• WORK ITEM: Exact transcription of the following records is needed, with every picture dropped.

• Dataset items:
---------------

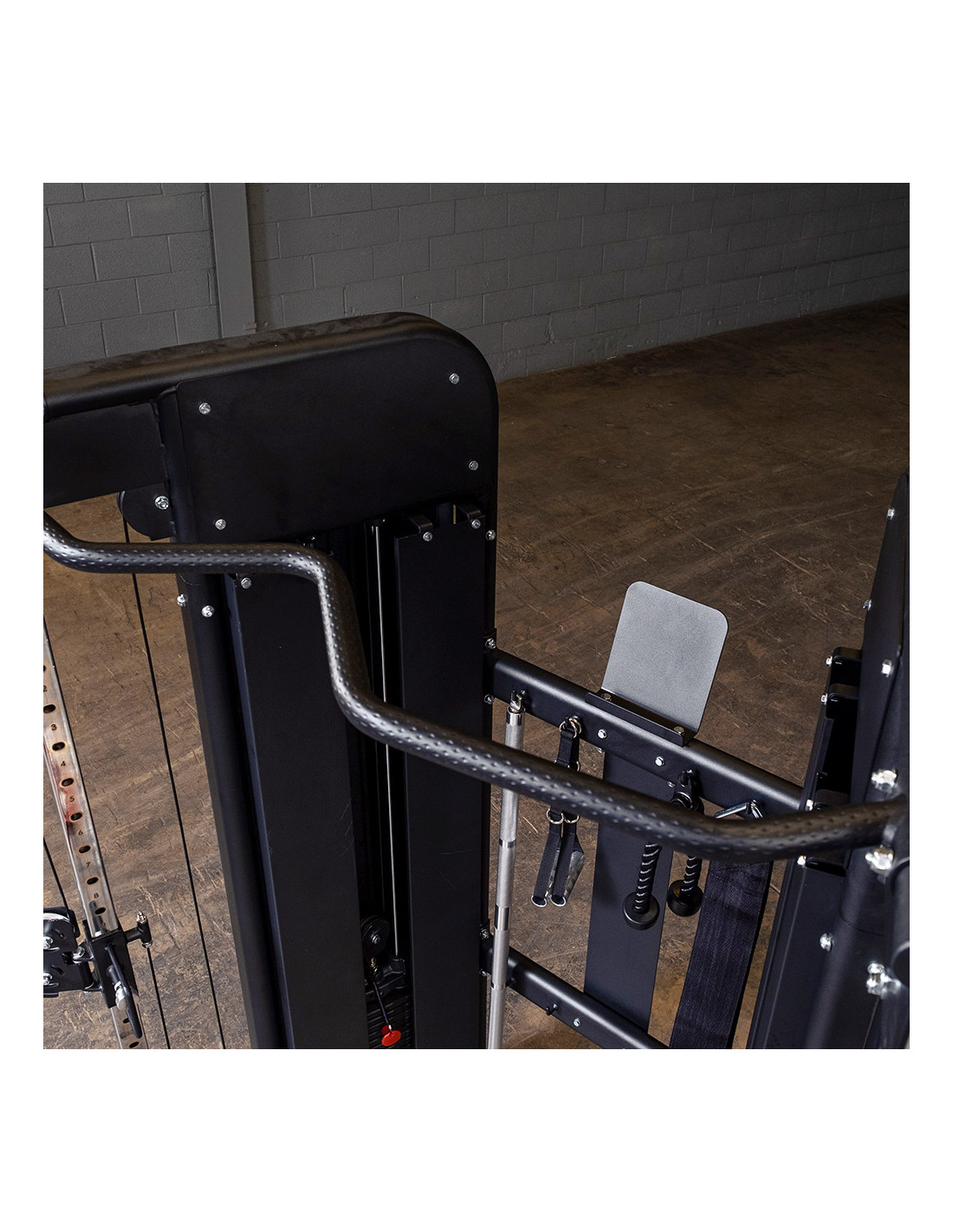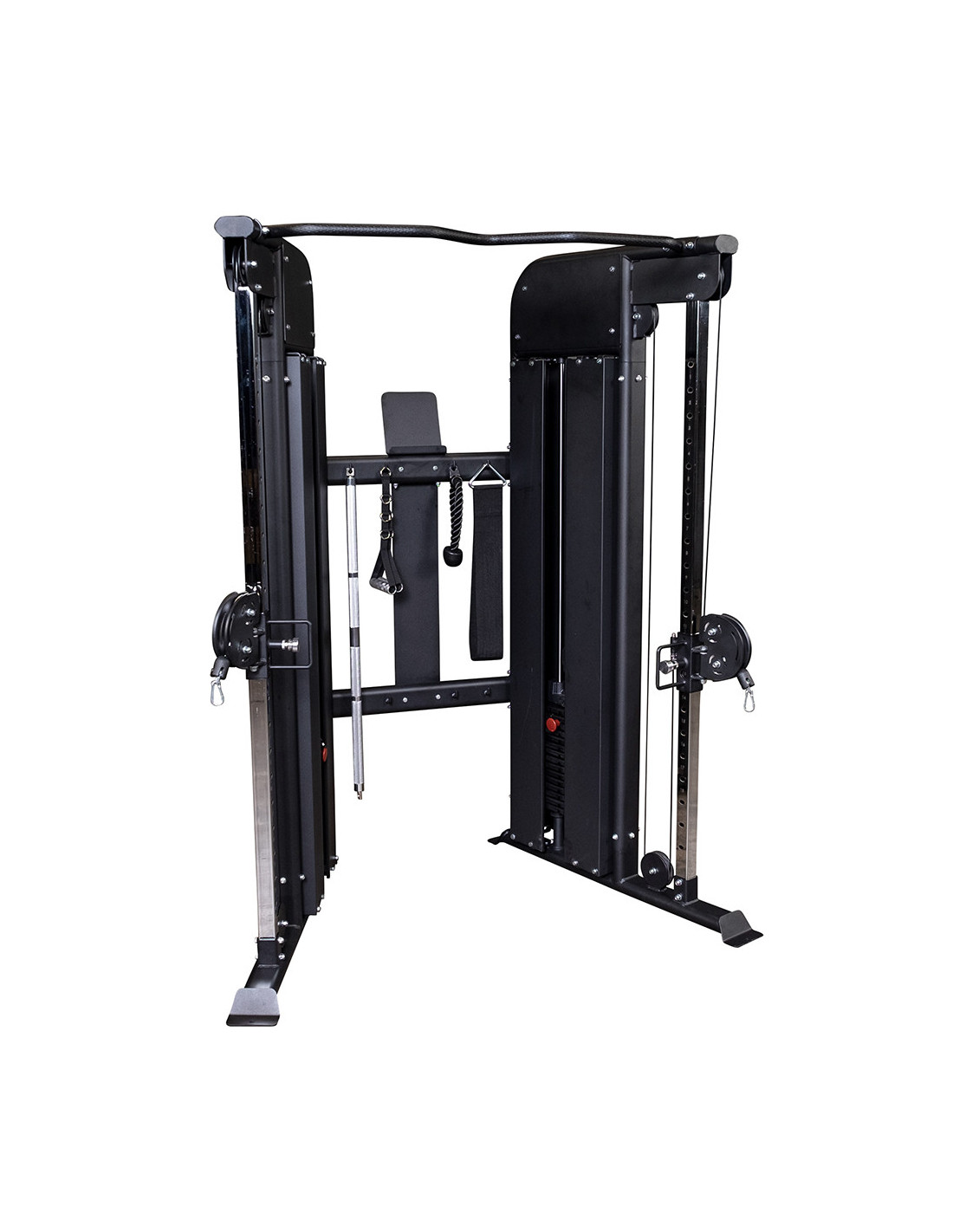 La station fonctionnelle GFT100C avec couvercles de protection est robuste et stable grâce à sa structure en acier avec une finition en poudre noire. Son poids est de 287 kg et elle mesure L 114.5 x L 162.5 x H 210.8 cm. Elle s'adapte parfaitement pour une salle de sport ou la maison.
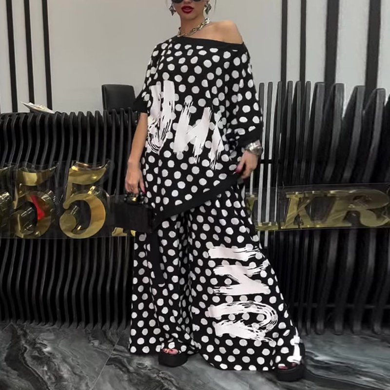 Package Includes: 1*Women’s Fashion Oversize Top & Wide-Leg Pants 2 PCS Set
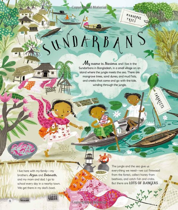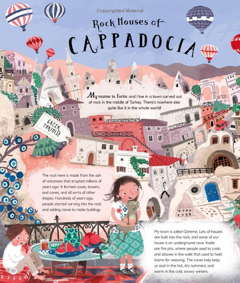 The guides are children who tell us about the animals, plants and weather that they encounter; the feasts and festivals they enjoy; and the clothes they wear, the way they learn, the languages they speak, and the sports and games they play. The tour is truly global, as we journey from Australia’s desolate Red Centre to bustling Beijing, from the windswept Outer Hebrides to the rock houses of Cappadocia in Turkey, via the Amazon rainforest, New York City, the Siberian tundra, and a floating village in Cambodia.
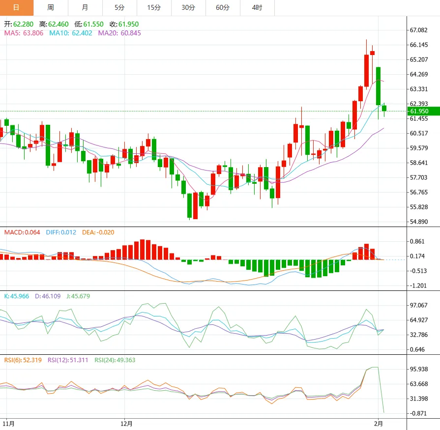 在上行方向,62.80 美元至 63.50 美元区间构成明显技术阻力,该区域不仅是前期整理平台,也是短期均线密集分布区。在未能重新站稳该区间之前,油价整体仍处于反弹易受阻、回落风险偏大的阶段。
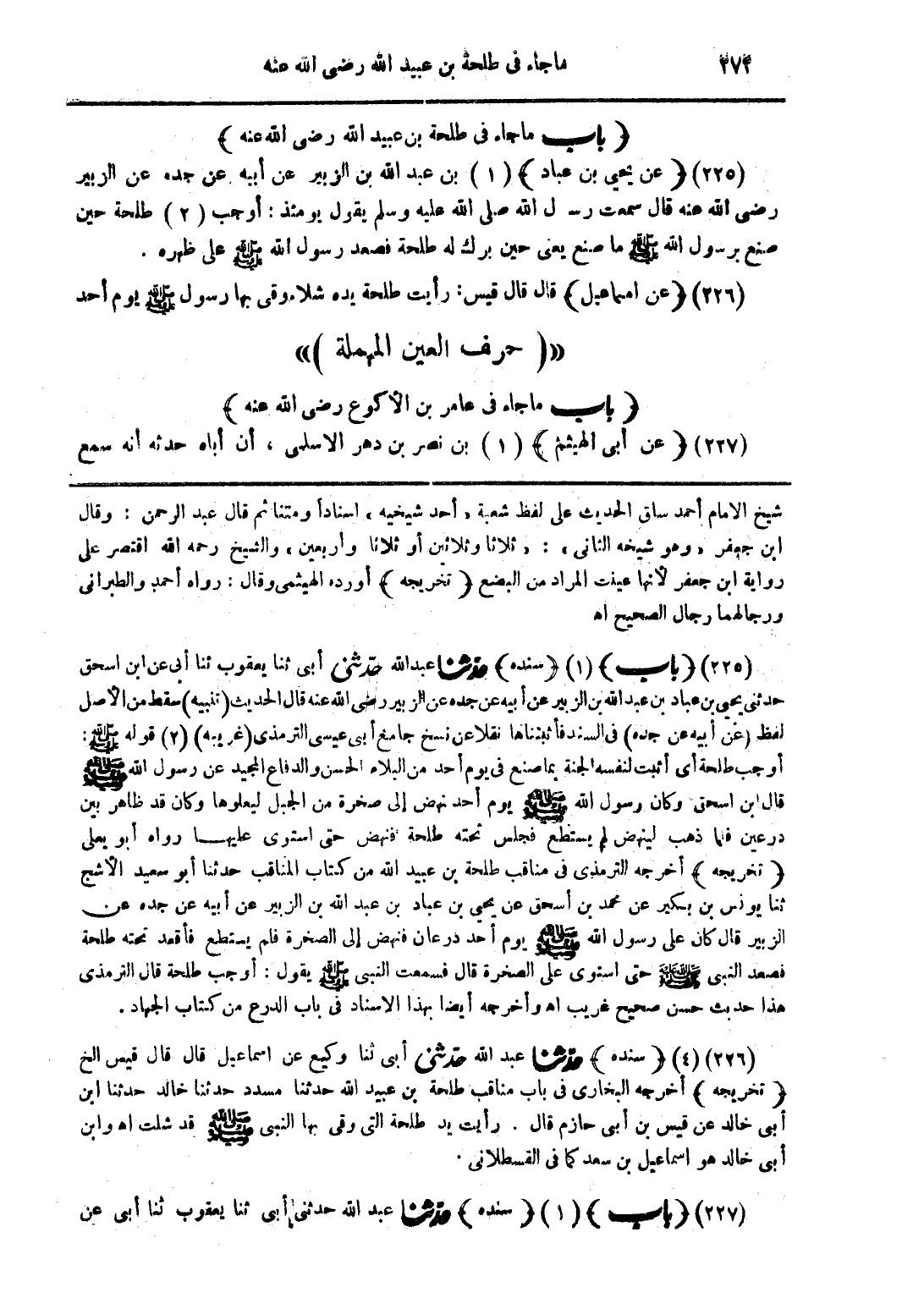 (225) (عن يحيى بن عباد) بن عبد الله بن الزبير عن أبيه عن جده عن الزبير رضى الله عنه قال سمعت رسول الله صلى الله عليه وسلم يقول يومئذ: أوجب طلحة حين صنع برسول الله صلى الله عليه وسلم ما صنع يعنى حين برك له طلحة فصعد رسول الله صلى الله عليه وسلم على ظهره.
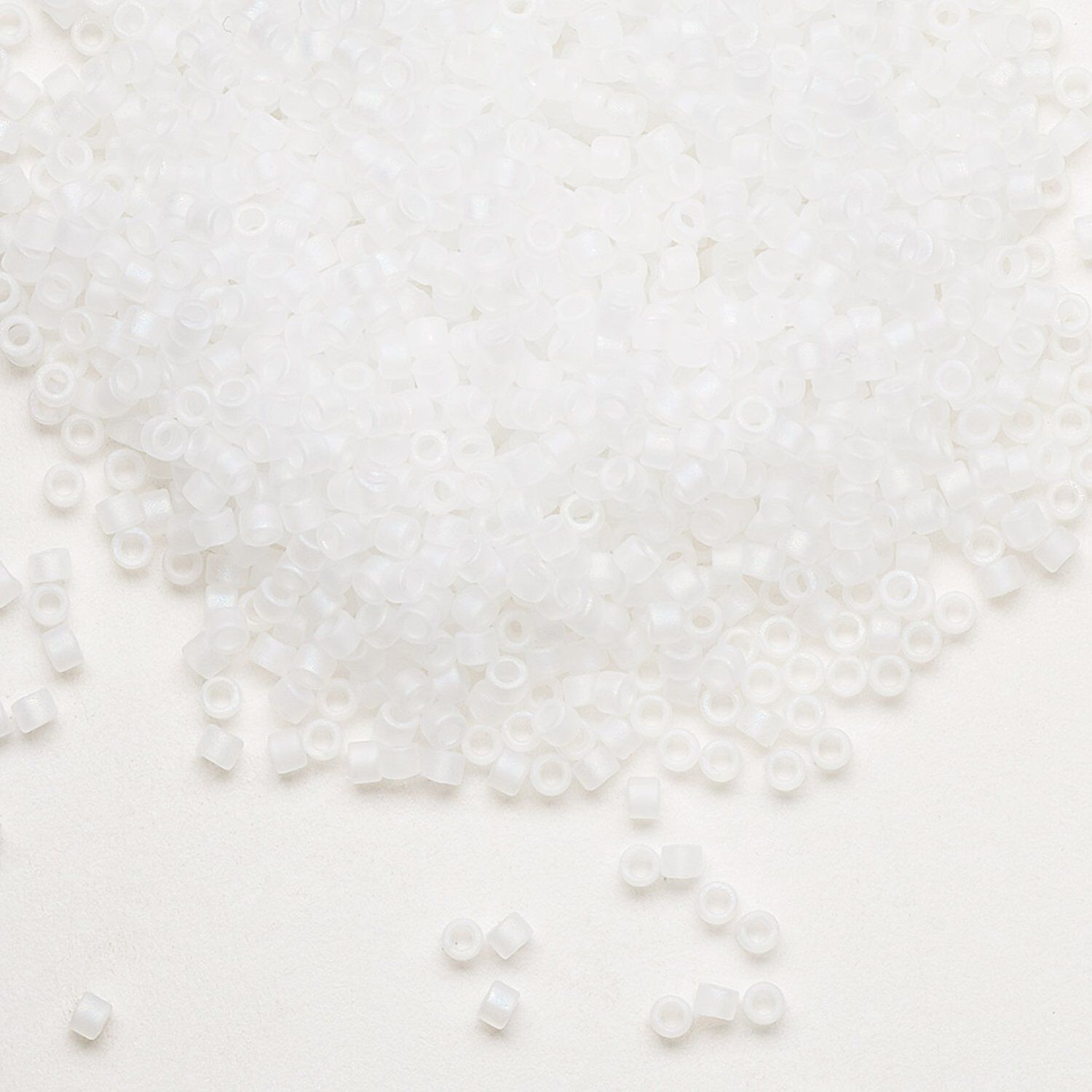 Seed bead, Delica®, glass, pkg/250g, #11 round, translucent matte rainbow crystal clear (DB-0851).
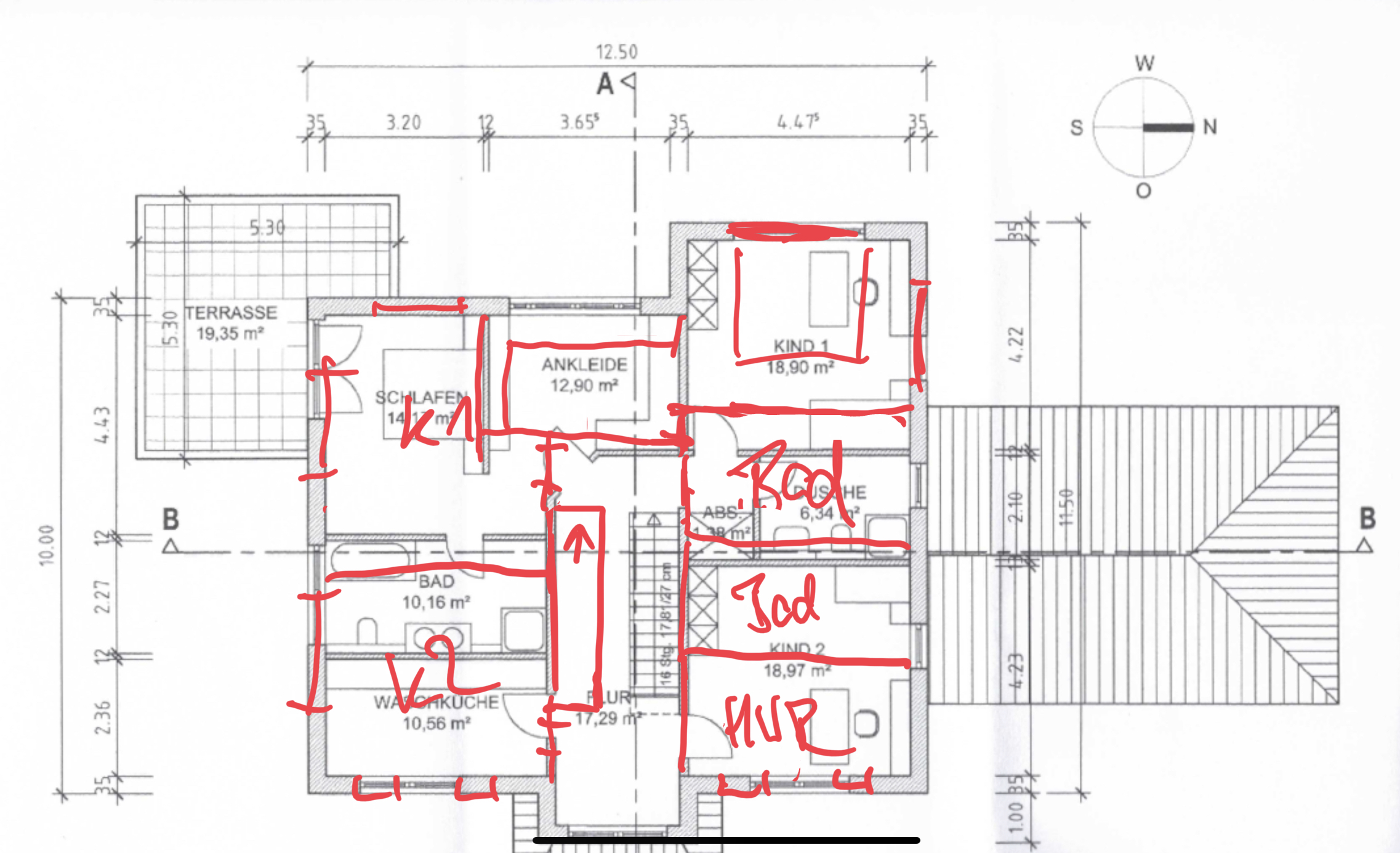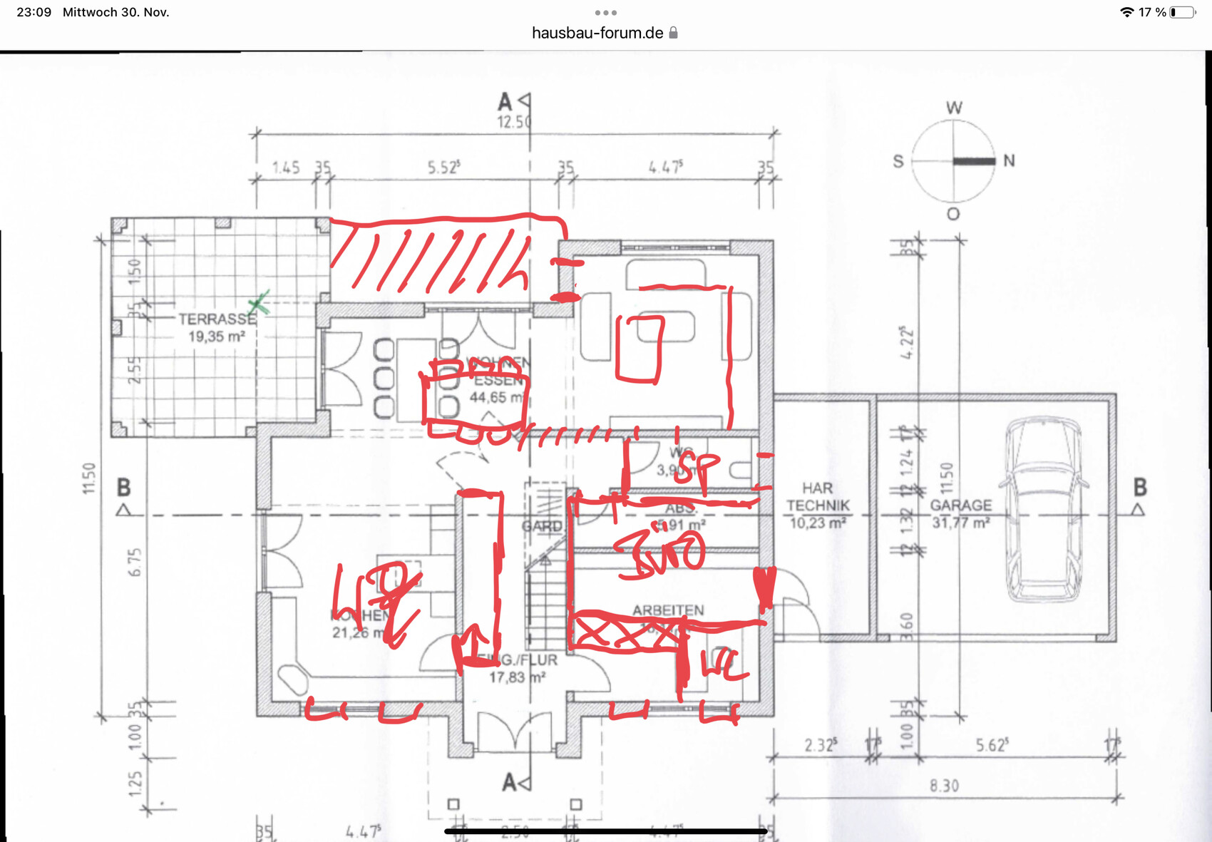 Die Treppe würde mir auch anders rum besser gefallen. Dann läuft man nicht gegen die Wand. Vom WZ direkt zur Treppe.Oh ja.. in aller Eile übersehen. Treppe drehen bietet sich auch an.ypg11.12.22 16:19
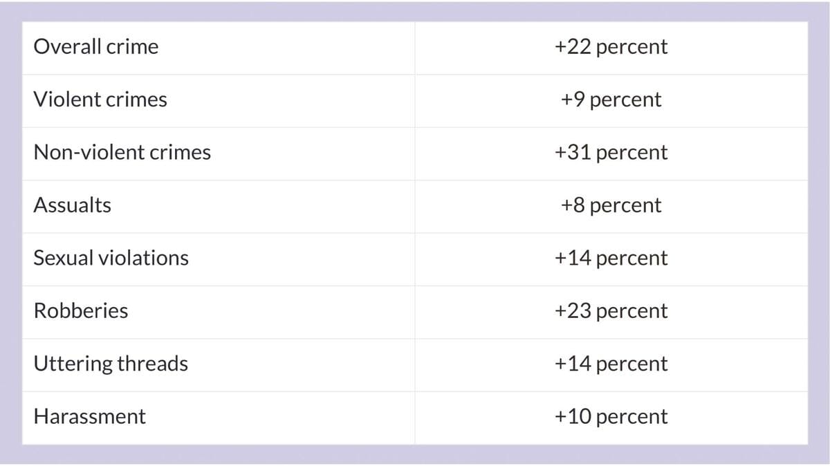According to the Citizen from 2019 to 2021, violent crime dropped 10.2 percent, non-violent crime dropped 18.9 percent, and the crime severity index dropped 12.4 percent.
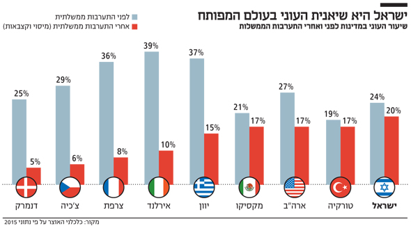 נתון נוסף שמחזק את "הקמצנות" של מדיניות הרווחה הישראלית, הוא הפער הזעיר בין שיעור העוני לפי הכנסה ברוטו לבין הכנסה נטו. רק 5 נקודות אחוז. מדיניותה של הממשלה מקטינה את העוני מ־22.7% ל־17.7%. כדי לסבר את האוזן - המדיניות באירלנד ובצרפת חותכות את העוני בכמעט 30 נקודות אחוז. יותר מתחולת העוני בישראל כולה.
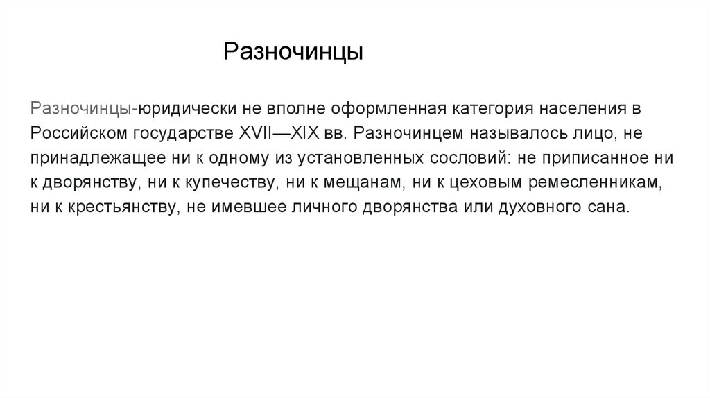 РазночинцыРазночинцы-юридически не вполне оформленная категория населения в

---------------

• TASK RESPONSE:
 La station fonctionnelle GFT100C avec couvercles de protection est robuste et stable grâce à sa structure en acier avec une finition en poudre noire. Son poids est de 287 kg et elle mesure L 114.5 x L 162.5 x H 210.8 cm. Elle s'adapte parfaitement pour une salle de sport ou la maison.
 Package Includes: 1*Women’s Fashion Oversize Top & Wide-Leg Pants 2 PCS Set
 The guides are children who tell us about the animals, plants and weather that they encounter; the feasts and festivals they enjoy; and the clothes they wear, the way they learn, the languages they speak, and the sports and games they play. The tour is truly global, as we journey from Australia’s desolate Red Centre to bustling Beijing, from the windswept Outer Hebrides to the rock houses of Cappadocia in Turkey, via the Amazon rainforest, New York City, the Siberian tundra, and a floating village in Cambodia.
 在上行方向,62.80 美元至 63.50 美元区间构成明显技术阻力,该区域不仅是前期整理平台,也是短期均线密集分布区。在未能重新站稳该区间之前,油价整体仍处于反弹易受阻、回落风险偏大的阶段。
 (225) (عن يحيى بن عباد) بن عبد الله بن الزبير عن أبيه عن جده عن الزبير رضى الله عنه قال سمعت رسول الله صلى الله عليه وسلم يقول يومئذ: أوجب طلحة حين صنع برسول الله صلى الله عليه وسلم ما صنع يعنى حين برك له طلحة فصعد رسول الله صلى الله عليه وسلم على ظهره.
 Seed bead, Delica®, glass, pkg/250g, #11 round, translucent matte rainbow crystal clear (DB-0851).
 Die Treppe würde mir auch anders rum besser gefallen. Dann läuft man nicht gegen die Wand. Vom WZ direkt zur Treppe.Oh ja.. in aller Eile übersehen. Treppe drehen bietet sich auch an.ypg11.12.22 16:19
According to the Citizen from 2019 to 2021, violent crime dropped 10.2 percent, non-violent crime dropped 18.9 percent, and the crime severity index dropped 12.4 percent.
 נתון נוסף שמחזק את "הקמצנות" של מדיניות הרווחה הישראלית, הוא הפער הזעיר בין שיעור העוני לפי הכנסה ברוטו לבין הכנסה נטו. רק 5 נקודות אחוז. מדיניותה של הממשלה מקטינה את העוני מ־22.7% ל־17.7%. כדי לסבר את האוזן - המדיניות באירלנד ובצרפת חותכות את העוני בכמעט 30 נקודות אחוז. יותר מתחולת העוני בישראל כולה.
 РазночинцыРазночинцы-юридически не вполне оформленная категория населения в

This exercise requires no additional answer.